Task description: Exactly as they appear below, repeat the lines from the one with "Ακόμα ένα αυτογκόλ" through the one with "1 event,![]() Join", and no others.

Material provided:
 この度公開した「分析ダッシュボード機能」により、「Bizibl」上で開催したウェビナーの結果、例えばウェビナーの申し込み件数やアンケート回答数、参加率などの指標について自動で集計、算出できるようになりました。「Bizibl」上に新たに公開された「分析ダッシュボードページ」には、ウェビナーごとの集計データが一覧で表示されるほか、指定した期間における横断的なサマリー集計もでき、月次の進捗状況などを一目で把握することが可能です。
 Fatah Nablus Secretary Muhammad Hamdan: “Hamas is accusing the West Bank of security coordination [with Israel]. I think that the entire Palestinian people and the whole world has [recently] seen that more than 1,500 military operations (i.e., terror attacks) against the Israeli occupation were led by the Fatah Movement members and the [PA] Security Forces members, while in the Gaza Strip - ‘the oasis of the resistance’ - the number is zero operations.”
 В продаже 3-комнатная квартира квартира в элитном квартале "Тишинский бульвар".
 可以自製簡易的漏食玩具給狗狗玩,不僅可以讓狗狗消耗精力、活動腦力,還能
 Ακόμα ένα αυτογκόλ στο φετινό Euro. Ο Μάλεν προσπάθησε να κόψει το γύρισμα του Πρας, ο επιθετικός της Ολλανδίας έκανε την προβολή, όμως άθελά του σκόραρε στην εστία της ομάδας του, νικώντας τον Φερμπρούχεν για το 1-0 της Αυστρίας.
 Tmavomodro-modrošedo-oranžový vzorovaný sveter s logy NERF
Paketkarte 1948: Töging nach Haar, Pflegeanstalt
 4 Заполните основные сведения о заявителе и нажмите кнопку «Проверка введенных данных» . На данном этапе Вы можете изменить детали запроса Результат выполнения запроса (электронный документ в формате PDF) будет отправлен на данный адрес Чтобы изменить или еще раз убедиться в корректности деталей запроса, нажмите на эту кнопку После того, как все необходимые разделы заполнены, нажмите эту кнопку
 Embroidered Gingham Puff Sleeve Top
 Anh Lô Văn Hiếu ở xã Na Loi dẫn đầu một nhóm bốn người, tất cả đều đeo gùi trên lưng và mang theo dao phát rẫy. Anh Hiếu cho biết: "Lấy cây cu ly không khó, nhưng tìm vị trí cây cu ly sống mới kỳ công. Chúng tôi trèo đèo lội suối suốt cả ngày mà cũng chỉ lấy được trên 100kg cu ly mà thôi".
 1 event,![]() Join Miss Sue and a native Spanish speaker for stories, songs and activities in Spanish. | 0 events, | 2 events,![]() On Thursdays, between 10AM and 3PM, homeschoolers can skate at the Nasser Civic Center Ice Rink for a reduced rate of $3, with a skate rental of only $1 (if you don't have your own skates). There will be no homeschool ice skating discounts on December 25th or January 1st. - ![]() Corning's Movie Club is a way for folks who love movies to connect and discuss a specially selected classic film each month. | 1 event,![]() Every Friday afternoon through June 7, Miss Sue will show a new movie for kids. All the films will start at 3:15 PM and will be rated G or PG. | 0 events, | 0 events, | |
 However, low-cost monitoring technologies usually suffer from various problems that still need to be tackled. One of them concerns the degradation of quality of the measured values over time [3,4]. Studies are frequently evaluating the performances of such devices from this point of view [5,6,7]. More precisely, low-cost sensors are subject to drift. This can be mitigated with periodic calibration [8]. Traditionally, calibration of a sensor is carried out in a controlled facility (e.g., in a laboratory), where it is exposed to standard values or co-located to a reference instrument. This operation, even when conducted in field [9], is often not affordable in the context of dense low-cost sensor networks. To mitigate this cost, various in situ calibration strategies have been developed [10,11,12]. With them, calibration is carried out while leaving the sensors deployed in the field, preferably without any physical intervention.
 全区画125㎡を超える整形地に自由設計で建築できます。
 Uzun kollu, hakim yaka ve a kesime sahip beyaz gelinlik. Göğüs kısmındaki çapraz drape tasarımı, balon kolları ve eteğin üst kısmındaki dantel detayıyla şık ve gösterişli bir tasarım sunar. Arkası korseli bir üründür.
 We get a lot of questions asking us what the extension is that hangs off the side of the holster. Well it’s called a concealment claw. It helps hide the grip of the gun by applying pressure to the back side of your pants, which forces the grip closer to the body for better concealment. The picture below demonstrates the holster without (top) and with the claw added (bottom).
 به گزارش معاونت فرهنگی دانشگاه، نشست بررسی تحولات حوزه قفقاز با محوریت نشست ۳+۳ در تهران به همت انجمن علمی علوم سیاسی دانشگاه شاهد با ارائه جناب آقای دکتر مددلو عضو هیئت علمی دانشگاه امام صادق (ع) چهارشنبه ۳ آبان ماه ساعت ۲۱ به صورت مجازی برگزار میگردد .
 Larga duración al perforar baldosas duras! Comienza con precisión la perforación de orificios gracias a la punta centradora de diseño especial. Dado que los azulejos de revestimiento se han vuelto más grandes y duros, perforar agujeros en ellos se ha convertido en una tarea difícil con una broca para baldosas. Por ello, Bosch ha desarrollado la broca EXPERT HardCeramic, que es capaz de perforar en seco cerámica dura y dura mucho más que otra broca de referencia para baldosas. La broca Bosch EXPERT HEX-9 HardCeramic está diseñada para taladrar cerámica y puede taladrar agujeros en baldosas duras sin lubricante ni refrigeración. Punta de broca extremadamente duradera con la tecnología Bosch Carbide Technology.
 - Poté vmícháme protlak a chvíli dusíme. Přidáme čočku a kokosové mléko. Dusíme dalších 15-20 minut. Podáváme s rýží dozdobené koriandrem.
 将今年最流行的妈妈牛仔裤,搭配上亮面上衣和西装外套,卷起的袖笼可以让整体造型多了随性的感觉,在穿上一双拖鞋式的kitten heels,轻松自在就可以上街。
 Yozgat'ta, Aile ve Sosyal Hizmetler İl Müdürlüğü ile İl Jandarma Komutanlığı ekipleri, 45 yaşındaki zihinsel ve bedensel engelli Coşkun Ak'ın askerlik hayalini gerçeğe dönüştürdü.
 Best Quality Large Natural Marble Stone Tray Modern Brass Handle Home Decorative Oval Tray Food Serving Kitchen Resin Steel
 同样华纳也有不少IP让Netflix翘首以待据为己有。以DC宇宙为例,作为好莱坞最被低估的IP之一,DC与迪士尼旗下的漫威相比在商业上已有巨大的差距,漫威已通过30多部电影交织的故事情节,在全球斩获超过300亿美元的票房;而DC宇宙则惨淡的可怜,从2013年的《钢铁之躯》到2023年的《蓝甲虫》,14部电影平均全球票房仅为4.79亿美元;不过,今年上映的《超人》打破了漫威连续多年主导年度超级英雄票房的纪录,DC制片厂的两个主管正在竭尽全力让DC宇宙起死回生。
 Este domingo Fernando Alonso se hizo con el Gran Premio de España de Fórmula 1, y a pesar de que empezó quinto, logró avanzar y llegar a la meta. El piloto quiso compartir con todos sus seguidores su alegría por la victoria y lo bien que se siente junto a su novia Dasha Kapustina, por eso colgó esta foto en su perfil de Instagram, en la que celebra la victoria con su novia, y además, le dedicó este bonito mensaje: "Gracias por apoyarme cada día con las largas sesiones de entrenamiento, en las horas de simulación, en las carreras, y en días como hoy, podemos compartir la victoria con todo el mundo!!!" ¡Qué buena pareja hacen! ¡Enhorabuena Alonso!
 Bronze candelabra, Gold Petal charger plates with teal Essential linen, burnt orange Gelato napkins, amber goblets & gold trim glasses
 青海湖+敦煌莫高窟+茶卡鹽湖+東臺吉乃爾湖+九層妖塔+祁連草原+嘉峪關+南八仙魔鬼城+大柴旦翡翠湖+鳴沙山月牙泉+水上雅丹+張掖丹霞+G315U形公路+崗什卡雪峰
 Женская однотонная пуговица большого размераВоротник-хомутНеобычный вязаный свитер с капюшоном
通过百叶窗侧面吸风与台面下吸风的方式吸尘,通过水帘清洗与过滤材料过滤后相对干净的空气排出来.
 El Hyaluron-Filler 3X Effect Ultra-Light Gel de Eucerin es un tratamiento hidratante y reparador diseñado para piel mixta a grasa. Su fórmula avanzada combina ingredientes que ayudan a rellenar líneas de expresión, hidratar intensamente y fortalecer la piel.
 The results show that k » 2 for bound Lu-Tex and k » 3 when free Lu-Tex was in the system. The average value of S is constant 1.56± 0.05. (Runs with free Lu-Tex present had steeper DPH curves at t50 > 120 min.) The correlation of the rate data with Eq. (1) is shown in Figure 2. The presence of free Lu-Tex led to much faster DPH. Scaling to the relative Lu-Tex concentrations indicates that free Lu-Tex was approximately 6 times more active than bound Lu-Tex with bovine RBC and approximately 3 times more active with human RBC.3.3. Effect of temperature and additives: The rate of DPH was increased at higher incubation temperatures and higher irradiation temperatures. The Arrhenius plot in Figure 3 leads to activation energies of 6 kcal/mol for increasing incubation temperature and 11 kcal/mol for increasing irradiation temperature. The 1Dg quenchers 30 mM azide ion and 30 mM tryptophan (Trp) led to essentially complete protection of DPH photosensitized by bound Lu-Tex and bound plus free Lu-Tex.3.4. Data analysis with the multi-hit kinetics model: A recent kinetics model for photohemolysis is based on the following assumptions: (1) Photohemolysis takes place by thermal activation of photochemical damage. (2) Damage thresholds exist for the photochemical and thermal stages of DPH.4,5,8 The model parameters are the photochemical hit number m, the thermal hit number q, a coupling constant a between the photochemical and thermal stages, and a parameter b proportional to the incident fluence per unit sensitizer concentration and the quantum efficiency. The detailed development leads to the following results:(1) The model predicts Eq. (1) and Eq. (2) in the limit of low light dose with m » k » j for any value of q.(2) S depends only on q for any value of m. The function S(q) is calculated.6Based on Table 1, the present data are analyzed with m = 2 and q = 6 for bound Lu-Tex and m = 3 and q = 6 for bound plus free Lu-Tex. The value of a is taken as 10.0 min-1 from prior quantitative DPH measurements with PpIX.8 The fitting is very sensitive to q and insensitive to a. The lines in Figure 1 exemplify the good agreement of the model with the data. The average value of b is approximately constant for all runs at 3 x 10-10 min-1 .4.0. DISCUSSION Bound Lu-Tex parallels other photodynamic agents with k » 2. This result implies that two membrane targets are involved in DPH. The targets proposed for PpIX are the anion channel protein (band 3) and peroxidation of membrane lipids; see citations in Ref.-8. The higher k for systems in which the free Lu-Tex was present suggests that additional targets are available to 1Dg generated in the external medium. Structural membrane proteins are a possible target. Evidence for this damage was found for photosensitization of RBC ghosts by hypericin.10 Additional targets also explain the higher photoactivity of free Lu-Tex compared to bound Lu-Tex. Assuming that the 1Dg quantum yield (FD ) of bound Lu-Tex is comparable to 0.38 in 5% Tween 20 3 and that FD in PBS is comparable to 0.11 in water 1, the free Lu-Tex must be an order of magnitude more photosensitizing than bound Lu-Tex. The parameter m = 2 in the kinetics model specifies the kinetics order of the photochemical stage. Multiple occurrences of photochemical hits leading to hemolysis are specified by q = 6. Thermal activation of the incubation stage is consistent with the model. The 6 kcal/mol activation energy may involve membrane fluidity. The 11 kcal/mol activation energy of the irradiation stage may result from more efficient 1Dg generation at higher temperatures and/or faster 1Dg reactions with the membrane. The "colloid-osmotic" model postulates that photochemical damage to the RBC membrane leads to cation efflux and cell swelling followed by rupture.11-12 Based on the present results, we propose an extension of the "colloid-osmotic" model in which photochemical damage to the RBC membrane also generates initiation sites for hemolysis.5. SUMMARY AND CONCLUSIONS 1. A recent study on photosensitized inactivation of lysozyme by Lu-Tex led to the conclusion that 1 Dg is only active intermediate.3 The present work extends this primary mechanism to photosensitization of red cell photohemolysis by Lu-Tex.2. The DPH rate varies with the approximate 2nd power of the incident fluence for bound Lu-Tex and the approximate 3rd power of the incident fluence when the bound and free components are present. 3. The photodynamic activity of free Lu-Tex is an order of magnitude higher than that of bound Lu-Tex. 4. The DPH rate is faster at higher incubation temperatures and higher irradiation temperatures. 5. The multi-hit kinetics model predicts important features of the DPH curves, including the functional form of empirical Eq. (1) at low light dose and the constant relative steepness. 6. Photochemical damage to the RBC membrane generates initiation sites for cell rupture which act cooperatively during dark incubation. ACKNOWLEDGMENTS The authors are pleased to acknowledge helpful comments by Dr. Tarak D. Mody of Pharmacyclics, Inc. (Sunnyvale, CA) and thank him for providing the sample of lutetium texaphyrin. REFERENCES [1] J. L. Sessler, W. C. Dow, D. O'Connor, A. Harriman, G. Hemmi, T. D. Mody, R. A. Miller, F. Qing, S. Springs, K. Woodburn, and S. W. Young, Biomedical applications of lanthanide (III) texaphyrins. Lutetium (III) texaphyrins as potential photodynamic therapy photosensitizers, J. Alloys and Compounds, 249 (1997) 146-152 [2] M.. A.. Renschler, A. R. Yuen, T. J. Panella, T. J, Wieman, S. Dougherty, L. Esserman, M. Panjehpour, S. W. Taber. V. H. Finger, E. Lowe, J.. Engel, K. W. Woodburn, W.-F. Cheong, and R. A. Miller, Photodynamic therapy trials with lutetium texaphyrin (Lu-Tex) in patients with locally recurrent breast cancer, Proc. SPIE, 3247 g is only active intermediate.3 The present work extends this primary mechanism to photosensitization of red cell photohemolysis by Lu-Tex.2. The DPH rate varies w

The answer:
 Ακόμα ένα αυτογκόλ στο φετινό Euro. Ο Μάλεν προσπάθησε να κόψει το γύρισμα του Πρας, ο επιθετικός της Ολλανδίας έκανε την προβολή, όμως άθελά του σκόραρε στην εστία της ομάδας του, νικώντας τον Φερμπρούχεν για το 1-0 της Αυστρίας.
 Tmavomodro-modrošedo-oranžový vzorovaný sveter s logy NERF
Paketkarte 1948: Töging nach Haar, Pflegeanstalt
 4 Заполните основные сведения о заявителе и нажмите кнопку «Проверка введенных данных» . На данном этапе Вы можете изменить детали запроса Результат выполнения запроса (электронный документ в формате PDF) будет отправлен на данный адрес Чтобы изменить или еще раз убедиться в корректности деталей запроса, нажмите на эту кнопку После того, как все необходимые разделы заполнены, нажмите эту кнопку
 Embroidered Gingham Puff Sleeve Top
 Anh Lô Văn Hiếu ở xã Na Loi dẫn đầu một nhóm bốn người, tất cả đều đeo gùi trên lưng và mang theo dao phát rẫy. Anh Hiếu cho biết: "Lấy cây cu ly không khó, nhưng tìm vị trí cây cu ly sống mới kỳ công. Chúng tôi trèo đèo lội suối suốt cả ngày mà cũng chỉ lấy được trên 100kg cu ly mà thôi".
 1 event,![]() Join Miss Sue and a native Spanish speaker for stories, songs and activities in Spanish. | 0 events, | 2 events,![]() On Thursdays, between 10AM and 3PM, homeschoolers can skate at the Nasser Civic Center Ice Rink for a reduced rate of $3, with a skate rental of only $1 (if you don't have your own skates). There will be no homeschool ice skating discounts on December 25th or January 1st. - ![]() Corning's Movie Club is a way for folks who love movies to connect and discuss a specially selected classic film each month. | 1 event,![]() Every Friday afternoon through June 7, Miss Sue will show a new movie for kids. All the films will start at 3:15 PM and will be rated G or PG. | 0 events, | 0 events, | |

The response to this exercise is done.